Risk and Performance Management. RREEF will have the lead role in regard to performing ongoing portfolio and asset level risk and performance management, including real time monitoring of the underlying collateral performance to assess potential risks, forecasting and measuring financial and operational results, performing collateral analyses and property market reviews and taking strategic actions when required to maximize returns or mitigate risks. Mercer will also provide ongoing risk factor and performance monitoring including views on the current and future economic environment, outlook for real estate in general and particular asset classes, evaluation of the U.S. real estate debt markets, its assessment of the risk-reward profile of potential investments, and availability of competitive debt offerings.
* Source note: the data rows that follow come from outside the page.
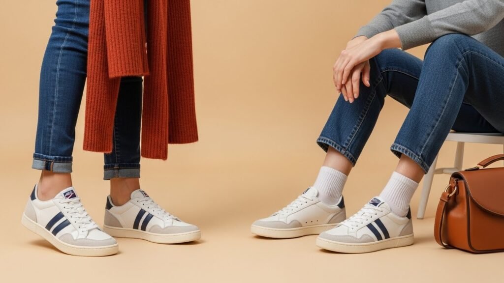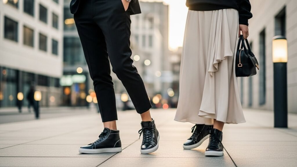 Light colors such as beige, cream, and dull gray are gaining popularity in the wardrobes since they fit with customizable trousers, flowing skirts, as well as structured outer clothes perfectly. These plain sneakers form a sophisticated background on which outfits seem meaningful and sophisticated instead of casual and sporty.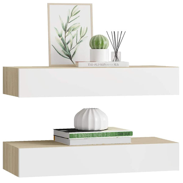 Tammi ja valkoinen seinälaatikkohyllyt 60x23,5x10cm 2 kpl mdf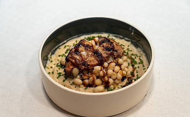 ALUBIA ARROCINA DE GARLAN EN CREMA Y LA PROPIA ALUBIA CON DELICIAS DE LA HUERTA Y FOIE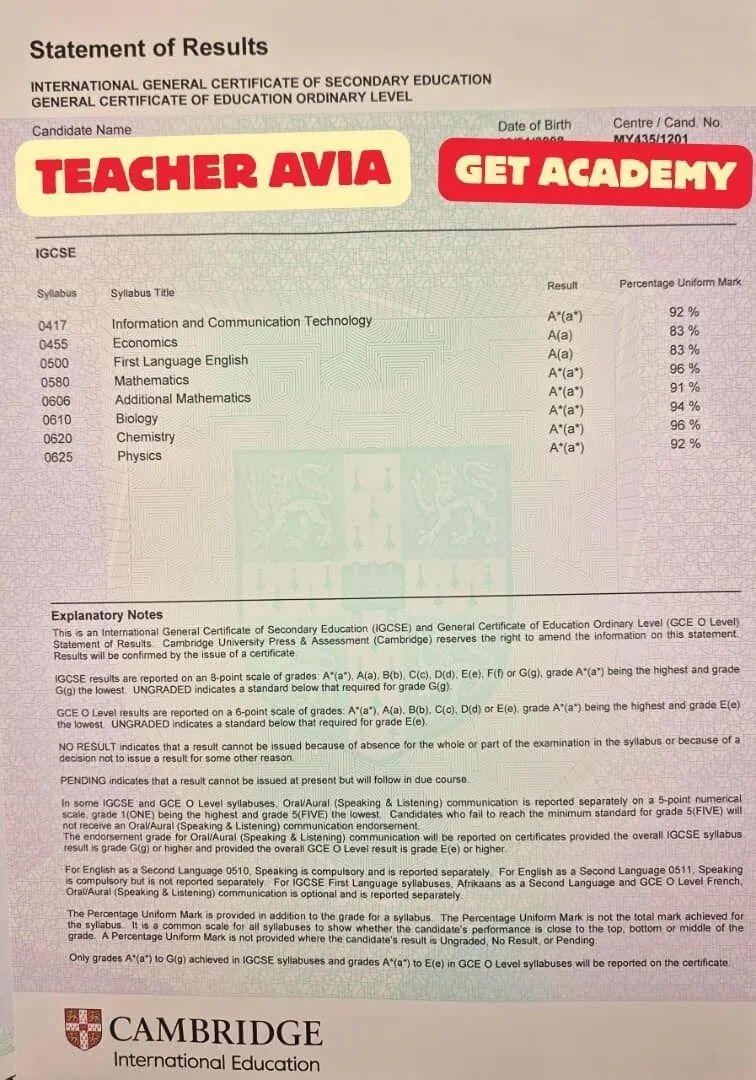 Getting an A in Maths doesn’t have to be a dream. Over the years, Teacher Avia’s students have achieved consistent grade jumps — many improving by 2 grades or more and scoring A or A* in their final exams.

In addition, Mercer as Sub-Advisor will provide ongoing oversight and due diligence of RREEF, including a thorough periodic analysis of the organization, debt team, process and analysis of performance including investment performance analysis and reporting, investment strategy and portfolio construction, and market competitiveness.

 

Additional Information Regarding Investment Strategy

 

The Fund may, from time to time, take defensive positions that are inconsistent with the Fund’s principal investment strategy in attempting to respond to adverse market, economic, political or other conditions. During such times, the Advisor or RREEF may determine that the Fund should invest up to 100% of its assets in cash or cash equivalents, including money market instruments, prime commercial paper, repurchase agreements, Treasury bills and other short-term obligations of the U.S. Government, its agencies or instrumentalities. In these and in other cases, the Fund may not achieve its investment objective. RREEF may invest the Fund’s cash balances in any investments it deems appropriate. The Advisor and RREEF expect that such investments will be made, without limitation and as permitted under the 1940 Act, in money market funds, repurchase agreements, U.S. Treasury and U.S. agency securities, municipal bonds and bank accounts. Any income earned from such investments is ordinarily reinvested by the Fund in accordance with its investment program. Many of the considerations entering into recommendations and decisions of the Advisor, RREEF and the Fund’s portfolio managers are subjective.

 

The frequency and amount of portfolio purchases and sales (known as the “portfolio turnover rate”) will vary from year to year. It is not anticipated that the Fund’s portfolio turnover rate would exceed 100% under normal market conditions. The Fund’s portfolio turnover rate will not be a limiting factor with regard to when RREEF deem portfolio changes appropriate. Although the Fund generally does not intend to trade for high-frequency short-term profits, securities may be sold without regard to the length of time held when, in the opinion of the Advisor or RREEF, investment considerations warrant such action. These policies may have the effect of increasing the annual rate of portfolio turnover of the Fund. Higher rates of portfolio turnover would likely result in higher brokerage or placement agent commissions and may generate short-term capital gains taxable as ordinary income. See “Tax Status” in the Fund’s SAI.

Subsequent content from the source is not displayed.